Winter vacation is a special time. The cold weather in many places lends itself to long mornings spent in pajamas and later nights playing games as a family. But getting off schedule can make the transition back to school very difficult.

Winter vacation provides a much-needed break from the daily grind of the school year. Whether they are in 1st grade or 5th, kids work hard in school. For several weeks leading up to winter vacation, there is the added overstimulation factor of constant holiday stuff. From parties to concerts to craft making galore, kids are pummeled with holiday flair from Thanksgiving Day to the end of December. And while all of that can be a lot of fun, it can also be exhausting. A healthy break from school can be a very good thing.

The problem, of course, is that school vacations tend to feel like they've ended before they've even begun. With colder temperatures in many areas, kids tend to remain in their pajamas playing with new toys for much of the day on a daily basis, and all sense of routine is quickly lost. While I certainly look forward to long, cozy mornings at home, throwing the normal routine completely out the window for two weeks can make for a very difficult re-entry to school in the new year.

It's important to strike a balance when it comes to winter vacation. You want your kids to relax and enjoy as much stress-free unstructured time as possible, but you also want to be mindful of what comes next.

Rely on sleep

Believe me, I know, it's tempting to take a break from the normal sleep schedule and just let kids be when they're on vacation. Quite frankly, keeping everyone on a consistent schedule is exhausting for moms! Who wouldn't relish a couple of weeks of later nights and less worry about sticking to the program?alarm clock

Consistent sleep is crucial for children, and vacation is not a reason to disrupt the routine. Sleep disruption can lead to anxiety, behavioral problems, illness and frequent meltdowns. It simply isn't worth it.

Sure, some nights you might get lost in family game night and get to bed a little bit later. Try not to stray from the normal bedtime by more than 30 minutes on any given night. If you have to delay bedtime due to a party or some other commitment, try to plan a light day for the following day to allow for extra downtime.

Some structure helps

I am a huge proponent of unstructured playtime. I believe in letting kids lead their own play, and self-discovery through play is a powerful thing. But most kids go to school for at least six hours per day, and unstructured play isn't usually built into the daily curriculum. It helps to keep a light structure in place during school breaks to ease kids back into school when the vacation ends.

Plan at least one structured activity per day. It might be a hike outside, a craft project or a trip to a local museum. It doesn't have to be a long day of specific activities. Having a few things in place throughout the vacation helps kids return to the normal daily schedule when the vacation ends.

Maintain physical activity

Colder temperatures and new toys can lead to a slower lifestyle. And while a little added relaxation can be rejuvenating, kids do need to move their bodies. Too much hanging around can lead to pent up emotions, boredom and increased frustration.

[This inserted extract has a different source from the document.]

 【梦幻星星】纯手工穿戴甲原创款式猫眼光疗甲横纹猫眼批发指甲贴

Get out and play! Build a snowman. Go sledding. Take a nature walk. If all else fails and the weather keeps you cooped up, put in a yoga DVD for kids or host a dance contest. Do whatever you have to do, but get your kids moving.

Eat on time

Try to keep to a consistent meal and snack time schedule to help your children thrive.

With slower mornings and decreased structure during vacations, many families lose track of the normal eating schedule. This can lead to behavioral changes and many, many meltdowns.

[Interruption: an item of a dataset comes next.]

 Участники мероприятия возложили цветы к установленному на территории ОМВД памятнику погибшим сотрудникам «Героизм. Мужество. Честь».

Kids thrive under some form of structure because they know what to expect. Their bodies also adjust to their mealtime schedules and come to expect food at certain times. Disruptions to this schedule can be upsetting to kids. Try to keep to a consistent meal and snack time schedule to help your children thrive. This will also prove useful when they return to school and have to eat their snack and lunch at specific times.

Family book club

It's amazing how much learning can fly out the window in a very short amount of time. While you want to give your kids a break from the stress of daily homework and frequent tests, you don't want to lose all of that hard work from the past few months.

kids reading

Make learning fun. A family book club is a great way to stay connected as a family and work on reading and comprehension skills. Take turns choosing books, read them together as a family and talk about the books. If you have a child who likes to write, have her write up a fun book report. If you have an artistic child, have her paint her favorite scene from the book. Or get the whole family involved by putting on a play, complete with scenery and music! Your child's teacher will thank you.